VATILEAKS

Did The Pope Resign Because Gay Priests In The Vatican Were Being Blackmailed?

pope benedictPope Benedict XVI may have announced his retirement after a ring of gay priests was discovered in the Vatican, according to the Italian newspaper La Repubblica.

It all started last May when the Pope’s butler, Paolo Gabriele, was arrested for leaking almost 300 pages of papal correspondence that suggested there was trouble in Catholic Paradise—including a faction of priests “united by sexual orientation,” some of whom were being blackmailed.

A commission headed by Cardinal Julián Herranz of Spain was formed to investigate the “Vikileaks” scandal, but its report has not been made public. But according to La Repubblica, a Vatican insider says the report details “the non-observance of the sixth and seventh commandments” (i.e. “Thou Shall Not Steal” and “Thou Shall Not Commit Adultery”).

Even the locations of clandestine trysts were supposedly included in the report. The Guardian reports:

La Repubblica said the cardinals’ report identified a series of meeting places in and around Rome. They included a villa outside the Italian capital, a sauna in a Rome suburb, a beauty parlor in the center, and a former university residence that was in use by a provincial Italian archbishop.

This is hardly the first time rumors of a pink posse in the Vatican have circulated: In 2007 a senior official was suspended after getting caught hitting on a young man.  In 2010, a Vatican chorister was dismissed for hiring gay priestshustlers—the same year Panorama magazine’s hidden cameras captured priests wearing drag and having sex in bathhouses.

And just last week conspiracy theorists claimed Benedict was resigning because he was about to face criminal charges for protecting child-molester priests.

If this cabal of closeted clerics is real, we’re not sure how Pope Benedict falling on his miter would squelch the scandal. But we don’t pretend to understand the machinations of the Holy See.

In a radio address on Saturday, Vatican spokesman Father Federico Lombardi said he wouldn’t comment on the allegations, but said they had created  “a tension that is the opposite of what the Pope and the church want.”

Um, duh.

There is no lack of those who seek to profit from the moment of surprise and disorientation of the spiritually naive to sow confusion and to discredit the Church and its governance, making recourse to old tools, such as gossip, misinformation and sometimes slander, or exercising unacceptable pressures to condition the exercise of the voting duty on the part of one or another member of the College of Cardinals, who they consider to be objectionable for one reason or another.

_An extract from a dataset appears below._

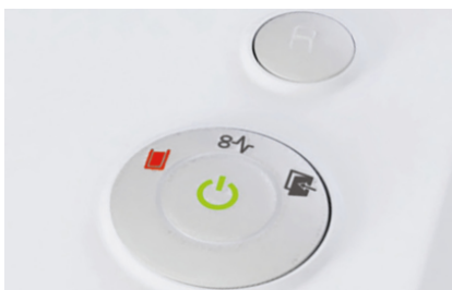
The full bin is indicated via the

In the majority of cases, those who present themselves as judges, making heavy moral judgments, do not, in truth, have any authority to do so. Those who consider money, sex and power before all else and are used to reading diverse realities from these perspectives, are unable to see anything else, even in the Church, because they are unable to gaze toward the heights or descend to the depths in order to grasp the spiritual dimensions and reasons of existence. This results in a description of the Church and of many of its members that is profoundly unjust.

So basically shame on everyone for suggesting the Church has done a slew of terrible things—even if it did them.